July 12, 2021. I remember this day as it were yesterday. I was on a leisure trip around the US, visiting as many friends as possible. Throughout my entire life, I always had mild tinnitus (quiet room, single tone), most likely from very serious ear infections I had in my childhood. I always thought some noises were "too loud", whch brings me to believe that I also had a mild form of loudness hyperacusis. On my trip, however, I spent a large amount of time listening to music way too loud in earbuds. And on that day, the 12th of July, I had my first "appearance" of serious tinnitus and hyperacusis. Of course, I went through the whole shabam - going to doctors, no help from them of course, insane anxiety, etc. I would not have called myself very severe at that time, because I could still take showers and walk around the city in ear plugs, but for me my life was over - constant, intrusive (at that time) tinnitus, sleep issues, etc. Over time I came to accept my situation, and life kept going, albeit at a much less active degree (no concerts, no bars, etc).

My Worsening

September 24, 2021. My birthday. A couple days ago, I had a haircut with clippers used very close to my ears. It sent my tinnitus and hyperacusis into overdrive. Over the course of the next few weeks I was worsening daily. I could not do anything, I couldn't wash he dishes, I couldn't go outside without double protection, etc. This spike is what sent everything into overdrive. From this day forth, I was worsening every day, and my tinnitus was getting more and more tones, by the day, by the hour. After 2-3 weeks, my hyperacusis got so bad that I had to start wearing hearing protection 24/7, and my tinnitus tones changed on a minute-to-minute basis. Every single noise was too loud, Lego falling in the floor sounded like bombs, swallowing water would spike me permanently. I couldn't eat food without spiking, I couldn't drink. My life became so limited and full of constant torture, that all I thought about was death. I didn't want to exist anymore, all I wanted to do was sleep to get relief from the suffering in my dreams.

Over the course of the next few months, the worsening continued. My sound tolerance kept falling. My girlfriend broke up with me, my family ostracized me (they did come around, though, thanks to the help of some amazing forum members getting in contact with them - thank you). I was completely alone, in real life at least. The only support I had was from fellow sufferers, and these wonderful people - I thank from the bottom of my heart.

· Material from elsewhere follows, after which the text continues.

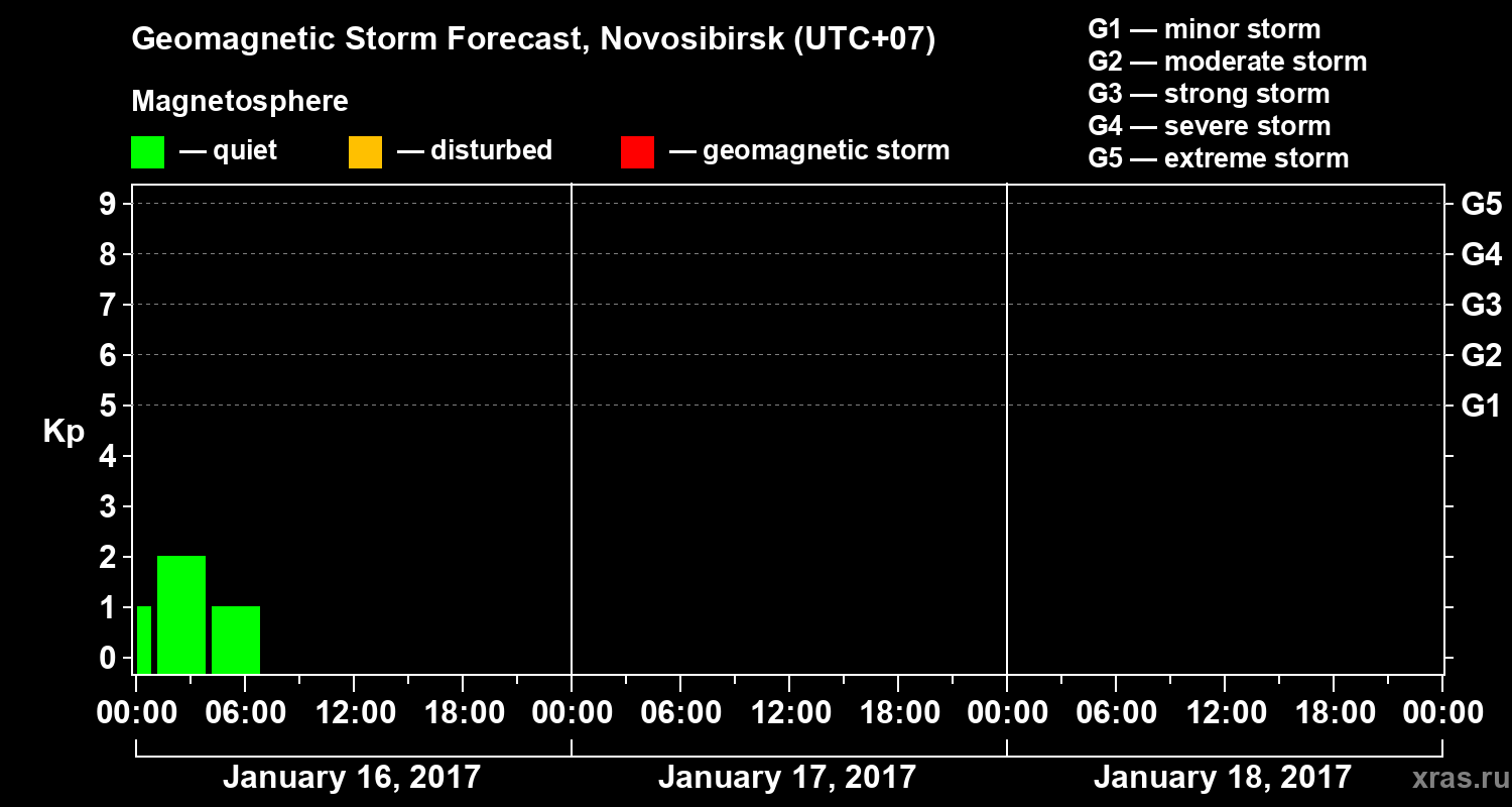 Geomagnetic storm forecast in Novosibirsk for Jan 16, 2017

All I did, all day, every day, was research tinnitus and hyperacusis, talk about tinnitus with my peers. I barely ate anything, and eventually I took a loan to hire a friend/caretaker to cook for me, flush the toilet, etc. I also bought a sound booth to sit inside all day while trying to distract myself from the immense torture. Constantly changing and worsening tinnitus and hyperacusis is a beast that, fortunately, not many have to deal with. Having fellow sufferers gaslight severe sufferers like me was heartbreaking, and I was in such a pit of anger and hate that I shit down any positivity coming my way. I still don't think toxic positivity is a good thing, especially for people as bad as I was, though. Also, I would like to mention - near the beginning of my worsening, I briefly would experience stabbing pain in my ears. Also, I would feel deep burning pain in my ears, and occasional fullness. This did not last for long, and I wouldn't say that I had truly experience noxacusis. It went away rather quickly. The horrendous loudness hyperacusis remained, though.

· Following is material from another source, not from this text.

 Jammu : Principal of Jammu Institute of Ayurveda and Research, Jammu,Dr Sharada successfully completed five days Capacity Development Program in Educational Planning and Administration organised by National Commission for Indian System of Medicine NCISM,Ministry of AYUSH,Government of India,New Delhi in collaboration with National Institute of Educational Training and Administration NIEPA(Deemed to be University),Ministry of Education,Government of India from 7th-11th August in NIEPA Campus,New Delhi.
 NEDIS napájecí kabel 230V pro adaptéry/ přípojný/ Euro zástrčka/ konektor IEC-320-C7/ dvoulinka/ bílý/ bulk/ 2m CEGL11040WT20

2022, the Worst Year of My Life

I honestly do not have much to say about this year. The first part, especially, was horrendous. Sitting/lying in my earmuffs in my sound booth all day, every day, only opening it to pour water down my throat without swallowing and swallowing as softly as possible overcooked, soft porridge while reading research papers about tinnitus, while jumping at every sound my neighbors made pretty much sums up the entire first part of this year.

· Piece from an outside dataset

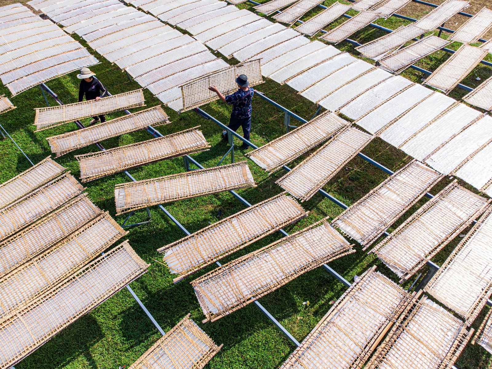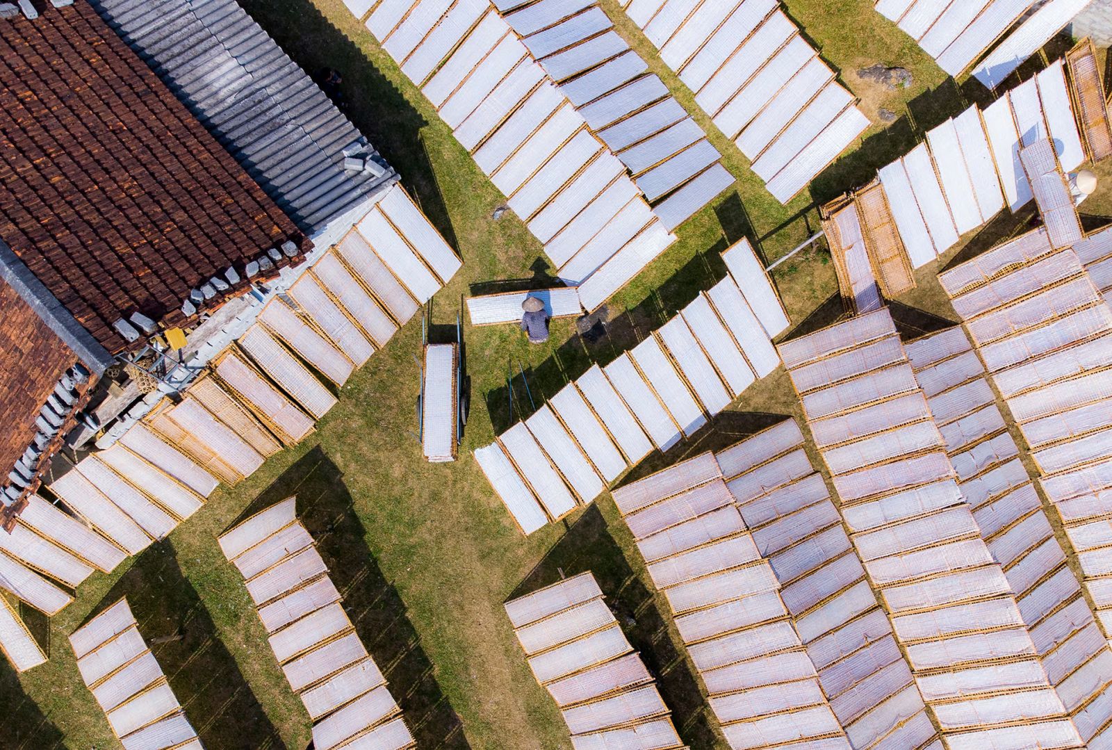 Những phên bánh tráng được phơi khô dưới nắng gió của Vạn Linh. Ảnh: Minh Chu.

In February, my family forcefully had me commited to a psych ward. When this happened, I was assaulted by way more loud noise than I could handle. A strange thing happened, though. My hyperacusis briefly improved to the point when I could talk again and have conversations with people. I do not know why this happened, and I cannot explain it. I do not recommend anyone to expose themselves to loud noise. I started worsening again soon after this.

Closer to the summer, my father eventually decided to help me, and purchased an apartment in a very quiet part of the city. I could finally stay in relative silence without wearing my ear muffs. And this is when my stabilization started.

Stability

After 3-4 months of eating delivered food and sitting all day in my quiet apartment, I started noticing that some noises didn't permanently spike me anymore. I could do more things without hearing protection, like touching paper bags, opening containers, etc. I still couldn't talk very much, but I decided to start pushing myself a little bit. I would try something, worsen, retreat to total silence, try again, etc. I do not know if this was the reason for my improved stability, maybe it was a coincidence. Again, I don't recommend anyone to leave their comfort zone if they can help it. I would do something like go outside at night without hearing protection, try cooking, worsen, repeat. The worsenings started slowing down, my tinnitus and hyperacusis were more stable, and by the middle of the summer I could do things like leave the house, go to the supermarket in my earmuffs, and have small get-togethers with my friends.

By the end of the summer, I could ride in taxis in double protection without worsening too much, and I went to a resort with my friends, where I sang, played the guitar, etc. I worsened pretty badly after this, but I managed to stabilize.


My Time Back Home in the US, Leading Up to Now

I had to move away from Russia for obvious reasons, and under benzos the flight didn't worsen me too much. The next 8-9 months were cycles of me worsening, stabilizing, worsening less and less. I lived with my grandfather in an absolutely silent house in the mountains.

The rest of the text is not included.